_PROBLEM DESCRIPTION:_ Wherever a picture appears in the data below, omit it, and restate everything else word for word.

_PROVIDED MATERIAL:_
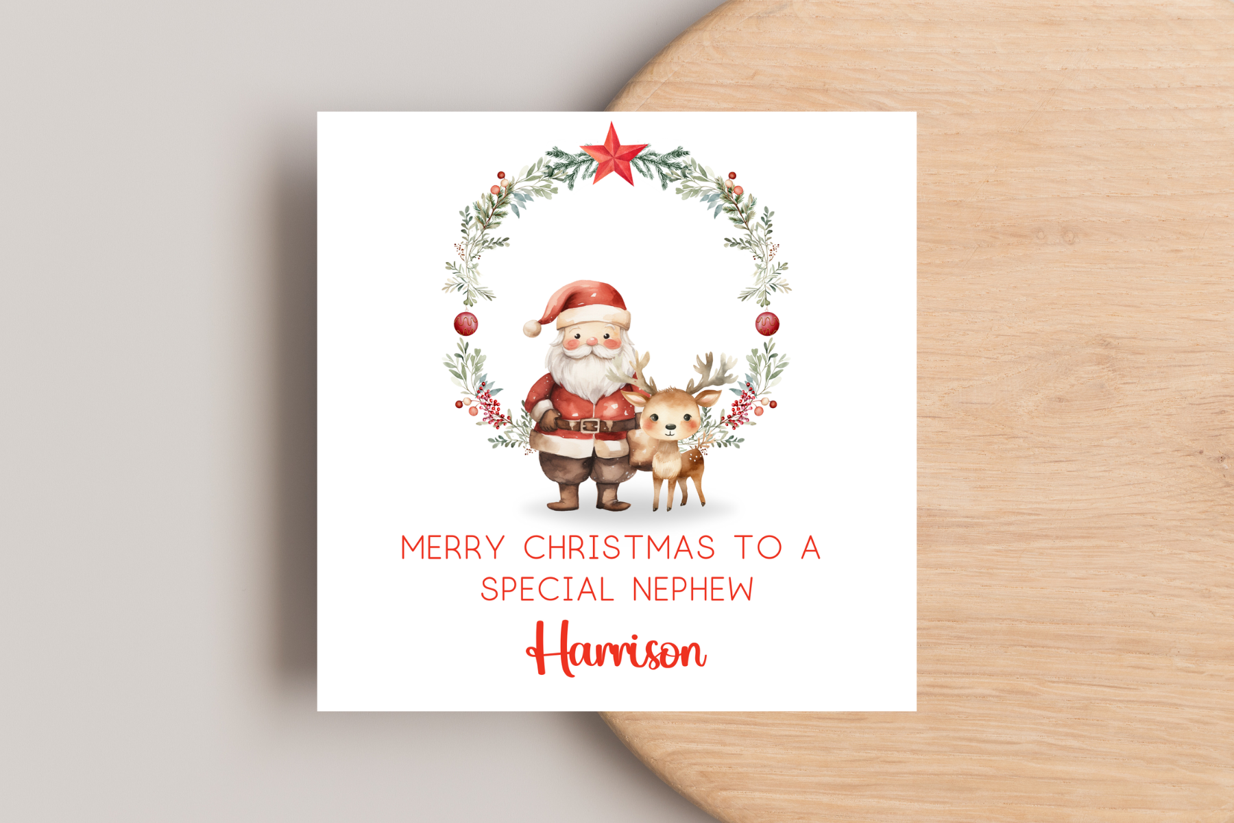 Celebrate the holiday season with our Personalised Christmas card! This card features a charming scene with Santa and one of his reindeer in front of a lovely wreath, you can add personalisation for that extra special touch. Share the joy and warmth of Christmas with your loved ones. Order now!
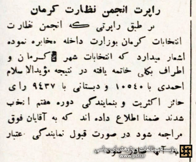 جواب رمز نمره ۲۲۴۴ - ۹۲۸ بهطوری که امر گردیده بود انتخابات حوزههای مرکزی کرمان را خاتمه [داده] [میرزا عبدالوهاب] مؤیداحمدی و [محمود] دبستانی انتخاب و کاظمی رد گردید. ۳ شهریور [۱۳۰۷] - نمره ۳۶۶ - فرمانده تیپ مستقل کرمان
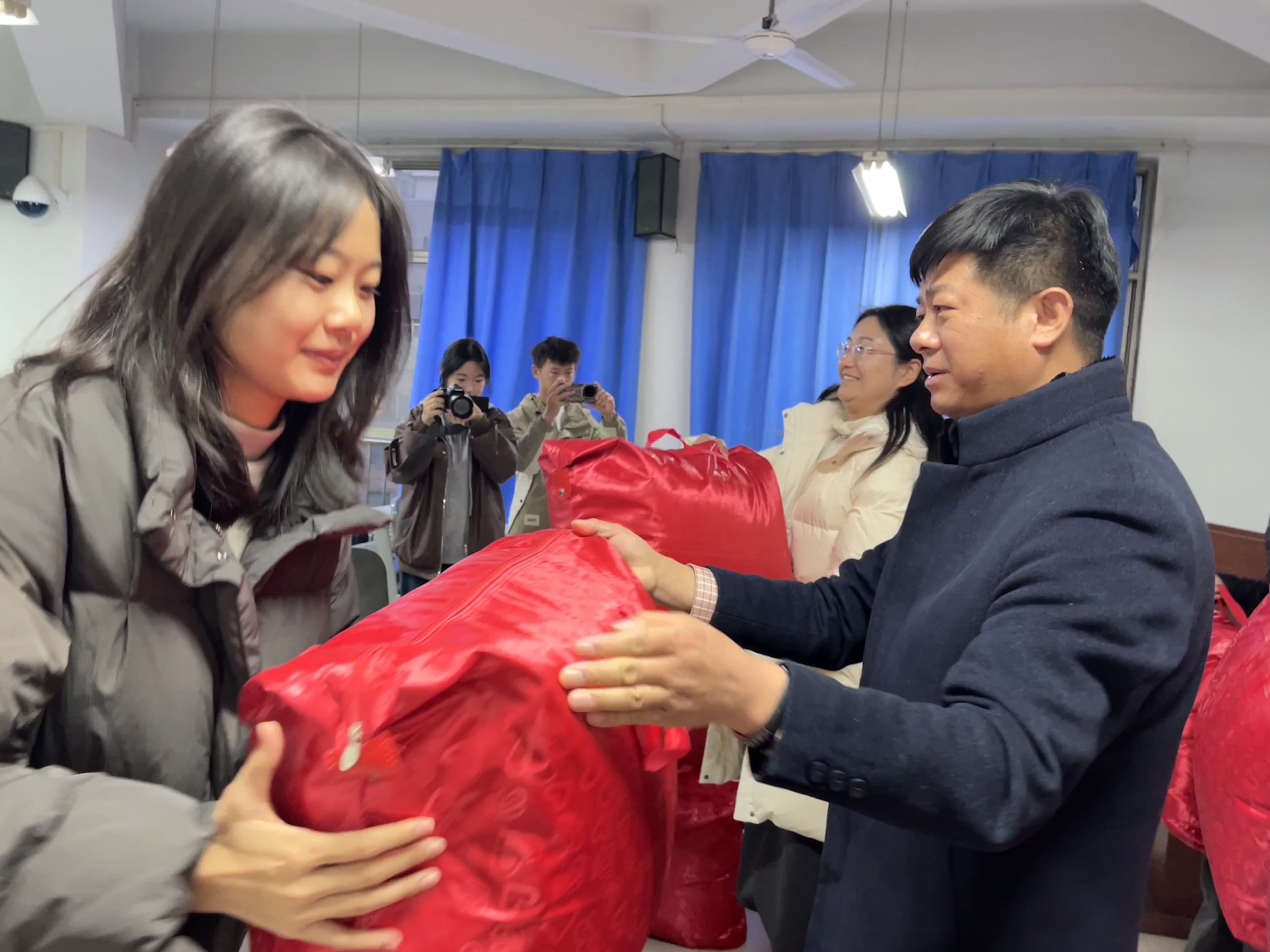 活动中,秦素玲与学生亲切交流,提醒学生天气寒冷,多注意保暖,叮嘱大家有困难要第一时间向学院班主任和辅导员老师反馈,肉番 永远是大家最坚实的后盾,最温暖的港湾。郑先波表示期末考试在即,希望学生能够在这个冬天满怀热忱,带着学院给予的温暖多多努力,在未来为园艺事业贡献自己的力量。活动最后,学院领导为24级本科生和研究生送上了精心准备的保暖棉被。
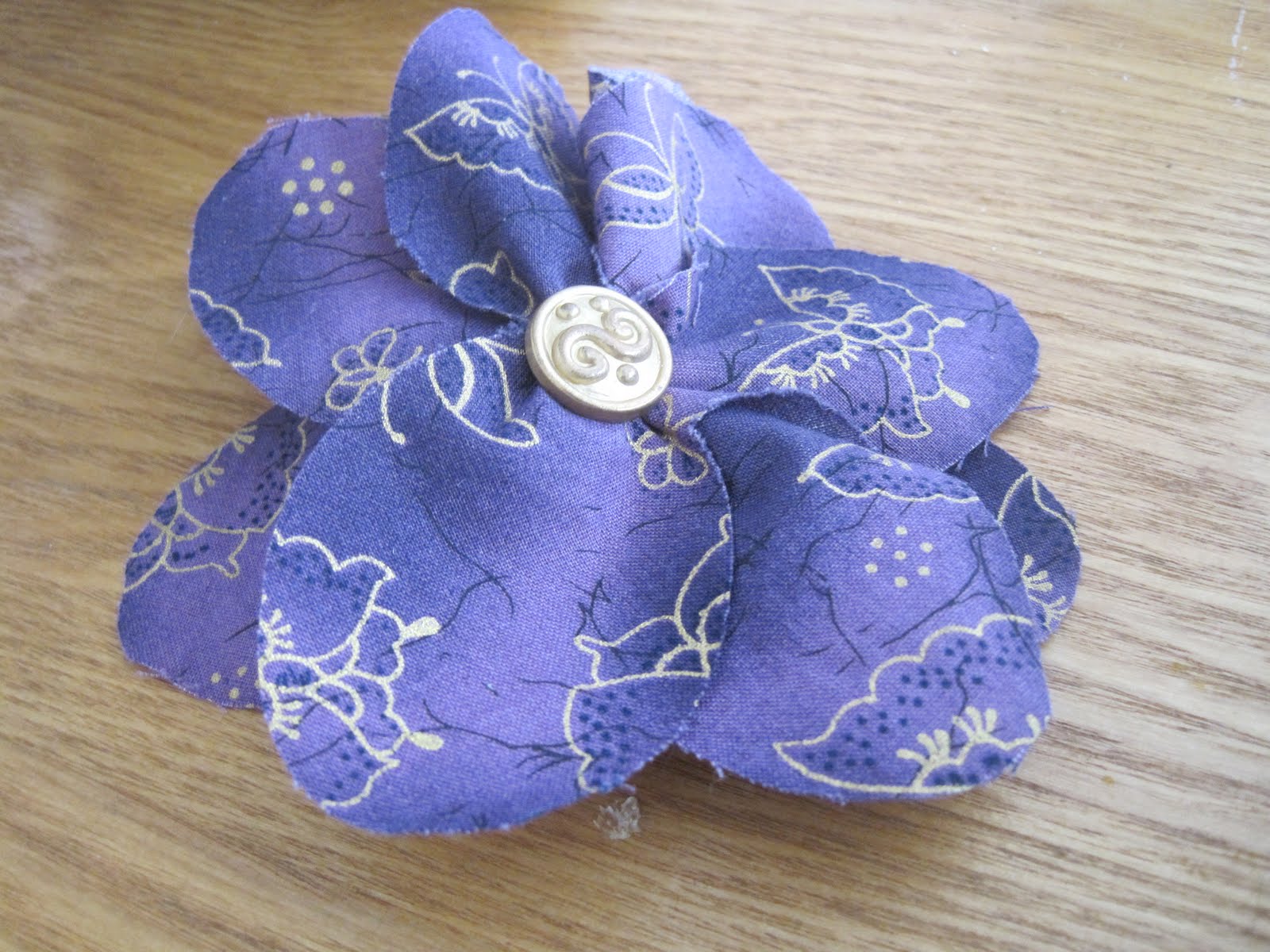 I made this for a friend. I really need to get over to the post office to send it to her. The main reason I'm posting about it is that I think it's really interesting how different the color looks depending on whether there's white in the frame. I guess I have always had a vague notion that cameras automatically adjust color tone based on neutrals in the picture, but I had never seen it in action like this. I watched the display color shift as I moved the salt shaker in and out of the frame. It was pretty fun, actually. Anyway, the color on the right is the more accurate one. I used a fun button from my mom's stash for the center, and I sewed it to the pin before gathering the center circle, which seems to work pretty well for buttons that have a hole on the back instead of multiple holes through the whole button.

_RESULT FOR THIS EXERCISE:_
 Celebrate the holiday season with our Personalised Christmas card! This card features a charming scene with Santa and one of his reindeer in front of a lovely wreath, you can add personalisation for that extra special touch. Share the joy and warmth of Christmas with your loved ones. Order now!
 جواب رمز نمره ۲۲۴۴ - ۹۲۸ بهطوری که امر گردیده بود انتخابات حوزههای مرکزی کرمان را خاتمه [داده] [میرزا عبدالوهاب] مؤیداحمدی و [محمود] دبستانی انتخاب و کاظمی رد گردید. ۳ شهریور [۱۳۰۷] - نمره ۳۶۶ - فرمانده تیپ مستقل کرمان
 活动中,秦素玲与学生亲切交流,提醒学生天气寒冷,多注意保暖,叮嘱大家有困难要第一时间向学院班主任和辅导员老师反馈,肉番 永远是大家最坚实的后盾,最温暖的港湾。郑先波表示期末考试在即,希望学生能够在这个冬天满怀热忱,带着学院给予的温暖多多努力,在未来为园艺事业贡献自己的力量。活动最后,学院领导为24级本科生和研究生送上了精心准备的保暖棉被。
 I made this for a friend. I really need to get over to the post office to send it to her. The main reason I'm posting about it is that I think it's really interesting how different the color looks depending on whether there's white in the frame. I guess I have always had a vague notion that cameras automatically adjust color tone based on neutrals in the picture, but I had never seen it in action like this. I watched the display color shift as I moved the salt shaker in and out of the frame. It was pretty fun, actually. Anyway, the color on the right is the more accurate one. I used a fun button from my mom's stash for the center, and I sewed it to the pin before gathering the center circle, which seems to work pretty well for buttons that have a hole on the back instead of multiple holes through the whole button.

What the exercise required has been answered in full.